Essential Summer Tasks: Creating a Year-at-a-Glance Calendar

Essential Summer Tasks: Creating a Year-at-a-Glance Calendar

Essential Summer Tasks

As a music teacher, planning is everything. I know from experience that a month of solid planning during the summer makes for a much smoother rest of the year. Grab a piece of paper or your favourite calendar app on your computer and let’s go over some of the things you need to consider.

School Calendar

Start by getting a copy of the school calendar for every school division that your students may attend. You may need high school, elementary, public, private, rural or city ones, depending on your particular teaching situation. Not all of the holidays and teaching inservices will line up across divisions, so you’ll have to make some decisions about which days you will teach and which days you won’t.

Major Performances

Figure out when all your personal gigs, students recitals, and music festivals are. Schedule in any extra rehearsal times that those might involve. Even if you don’t know the exact dates, make a note in your calendar so at the very least you will know approximately how busy you with be that week. Also allow some time for extra prep those events might involve: sorting out books for music festival, preparing food for recitals, putting up posters around the community for gigs, etc.

Professional Development

Next, map out any professional development things you might have planned.
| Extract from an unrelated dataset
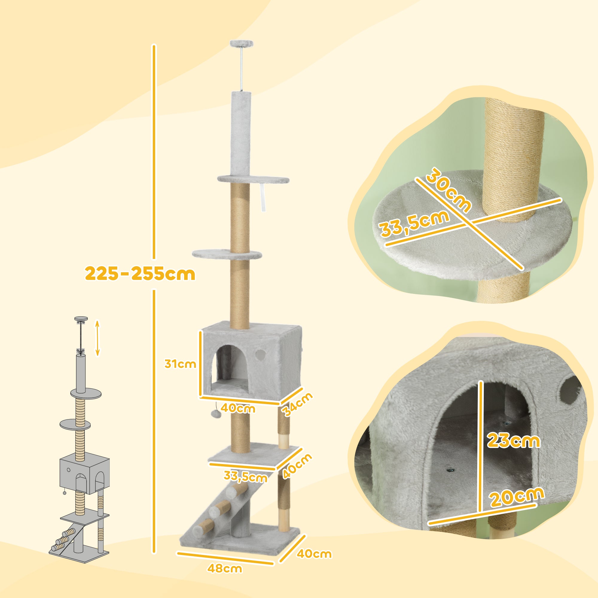 PawHut Katto-Maahan Kissapuu 225-265 cm Säädettävä Korkeus Kissan Raapimapuu Useilla Alustoilla Portaat Roikkuva Pallo Vaaleanharmaa

Conferences, symphony concerts, recitals, musical fundraisers, etc. If you don’t have anything scheduled, find something to go to. It’s so important to keep growing as a musician and hear other performers.

Studio Promotions

Finally, decide if you want to run any special practicing incentives, holiday activities or advertising pushes during the year. With your performances and professional development items in place, you’ll know which months are freer to do things like this. For example, I like to run a practicing incentive with Halloween candy in October, have a summer themed “music party” for my group classes in February, and I do an extra advertising push in January if my studio numbers are low. If I don’t put those things on the calendar, I’ll remember them last minute and be scrambling the week of.

Sample

So what does one of these look like in real life? Here’s mine:

July

Clean up Studio

Organize Music

Order Choir Music

Summer Concert (gig)

August

Advertising Push

Email Parents

Update Studio Policy

Update Studio Website

Fundraising Concert (gig)

September

Allow extra time for emails

Prepare for MYC Conference

Decide on Church songs

University Choir Promotions

October

MYC Conference

Halloween Practicing Promotion

Thanksgiving

Studio Performance at Villa

University Choir Workshop

November

Start Christmas Recital Baking

Pick Christmas Music

Remembrance Day

University Choir Workshop

University Choir Concert

December

Christmas Recital

Purchase Student Presents

Christmas Concert (gig)

Christmas Musical extra rehearsals

Christmas Musical

January

Choose Music Festival Songs

Fill out forms & collect money

Advertising push

Prepare MYC kids for composition festival

University Choir Workshop

February

Summer Music Party

Practicing Incentive

February Break

Valentines Day

University Choir Workshop

March

Choose Recital Songs (for those not in festival)

Accompanist Rehearsals

Studio Performance at Villa

Spring Musical Auditions

University Choir Concert

April

Music Festivals

Organize Books

Easter

Start Spring Recital Baking

May

Spring Recital

Hand Out Returning forms

RCM Theory Exams

June

RCM Practical Exams

Spring Musical Extra Rehearsals

Spring Musical

That’s all there’s to it!  Keep this road map handy for the rest of the year and be one step closer to mastering your time management.

Seasoned teachers, is there any essential summer task you think we should cover in the following posts?  What do you do in the summer that helps you keep the rest of your year saner?